Import a matrix as an Anndata object.

Parameters
  • matrix_path – Path to the matrix ec file

  • barcodes_path – Path to the barcodes txt file

  • genes_path – Path to the genes txt file

  • t2g_path – Path to transcript-to-gene mapping. If this is provided, the third column of the mapping is appended to the anndata var, defaults to None

  • name – Name of the columns, defaults to “gene”

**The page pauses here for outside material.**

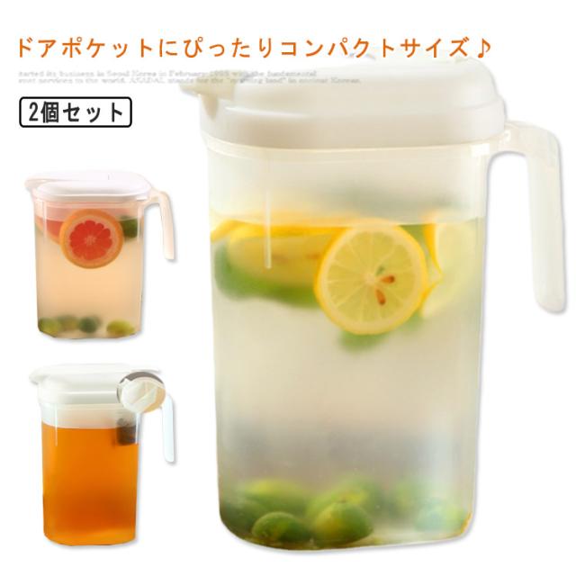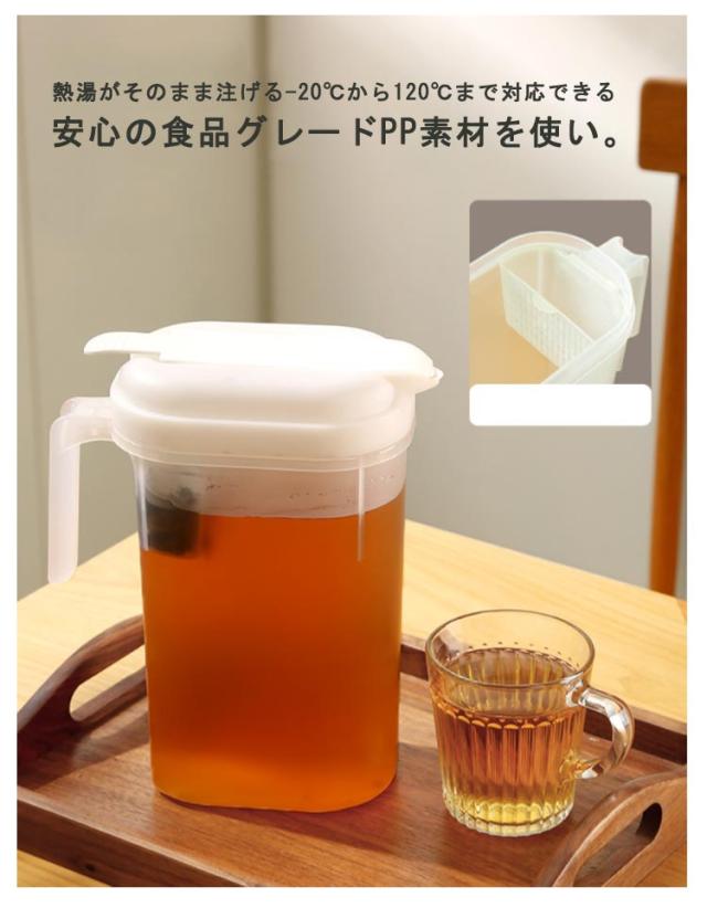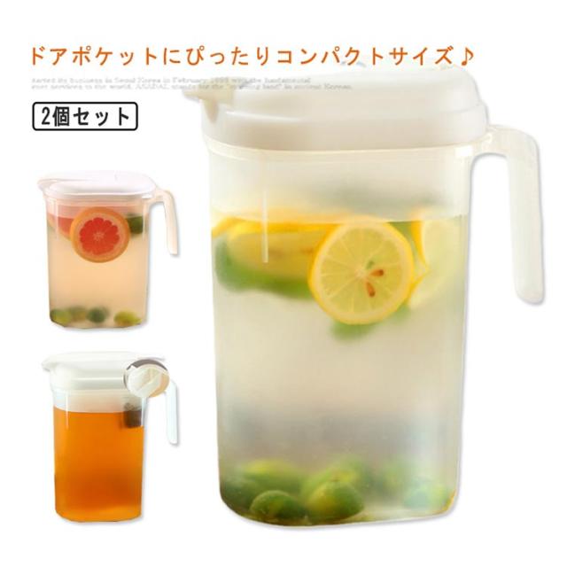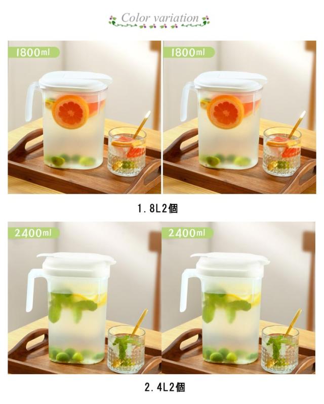 2個セット ピッチャー 1.8L/2.4L 麦茶ポット 耐熱 冷水筒 お茶 ボトル 広口 軽量 コンパクト 冷蔵庫ポケットに入れる ウォーターポット 持ち手付き 麦茶ボトル らくっ茶 大容量 プラスチック 茶こし付き 水差し

  • by_name – Aggregate counts by name instead of ID. t2g_path must be provided and contain names.

Returns

A new Anndata object

kb_python.utils.overlay_anndatas(adata_spliced: anndata.AnnData, adata_unspliced: anndata.AnnData) anndata.AnnData

‘Overlays’ anndata objects by taking the intersection of the obs and var of each anndata.

Note

Matrices generated by kallisto | bustools always contain all genes, even if they have zero counts. Therefore, taking the intersection is not entirely necessary but is done as a sanity check.

Parameters
  • adata_spliced – An Anndata object

  • adata_unspliced – An Anndata object

Returns

A new Anndata object

kb_python.utils.sum_anndatas(adata_spliced: anndata.AnnData, adata_unspliced: anndata.AnnData) anndata.AnnData

Sum the counts in two anndata objects by taking the intersection of both matrices and adding the values together.

Note

Matrices generated by kallisto | bustools always contain all genes, even if they have zero counts. Therefore, taking the intersection is not entirely necessary but is done as a sanity check.

Parameters
  • adata_spliced – An Anndata object

  • adata_unspliced – An Anndata object

Returns

A new Anndata object

kb_python.utils.restore_cwd(func: Callable) Callable

Function decorator to decorate functions that change the current working directory. When such a function is decorated with this function, the current working directory is restored to its previous state when the function exits.